- _Problem to work on_:
What you give must be the lines from the one containing "A group of orange" through the last line of the listing below, exactly, with nothing else and no pictures.

- _Given information_:
====

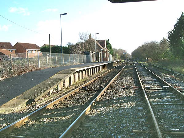 Marchwood station from the level crossing in January 2006. The new lighting and resurfaced platform may seem a little strange for what is a disused station insofar as passenger services are concerned. It will be for the benefit of the signalman who has to dart back and forth between his
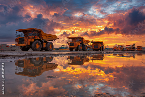 A group of orange dump trucks are parked on a muddy road
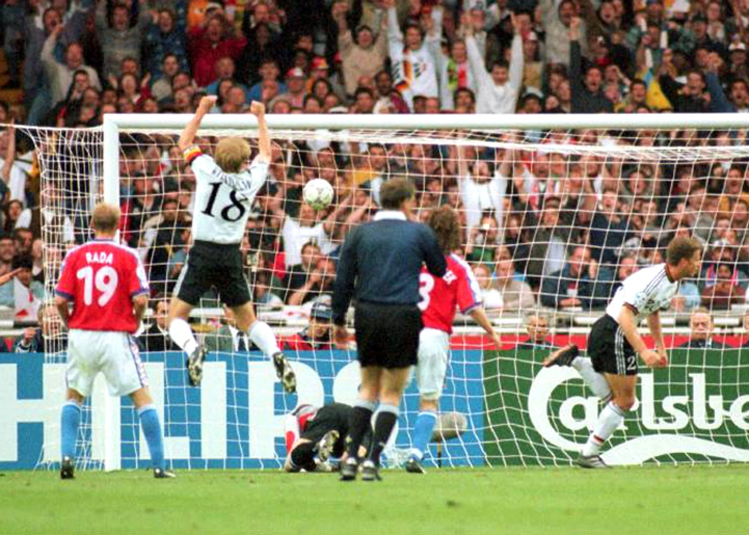 На 59-й минуте Патрик Бергер неожиданно выводит чехов вперёд, реализуя одиннадцатиметровый удар.
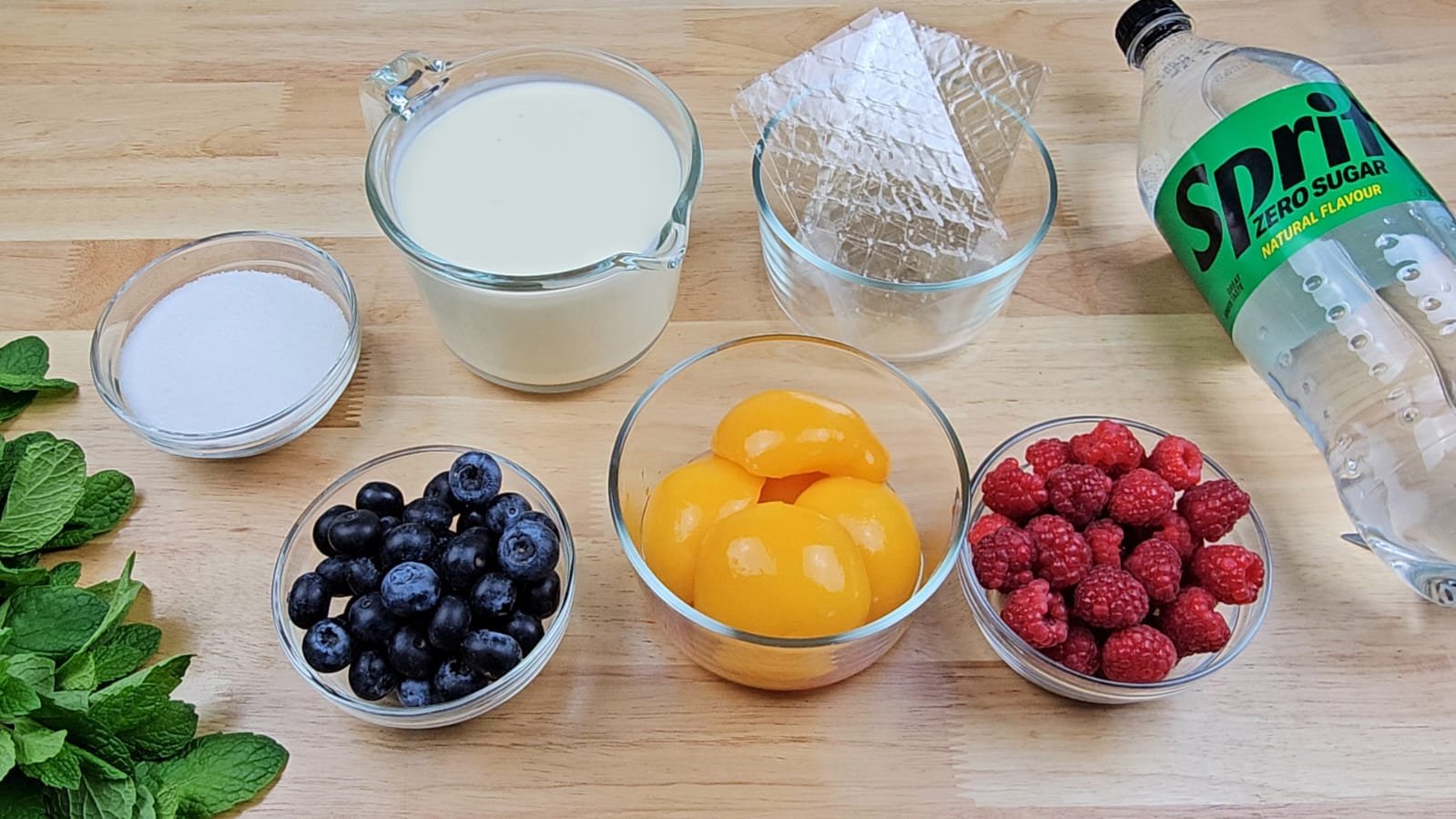 LAYER 3 - Place peaches, raspberries and blue berries on top of the jelly. Then pour 50ml of jelly mixture on top of the fruit and berries. Put it back into the freezer for another 15 minutes.

====

- _Written answer_:
 A group of orange dump trucks are parked on a muddy road
 На 59-й минуте Патрик Бергер неожиданно выводит чехов вперёд, реализуя одиннадцатиметровый удар.
 LAYER 3 - Place peaches, raspberries and blue berries on top of the jelly. Then pour 50ml of jelly mixture on top of the fruit and berries. Put it back into the freezer for another 15 minutes.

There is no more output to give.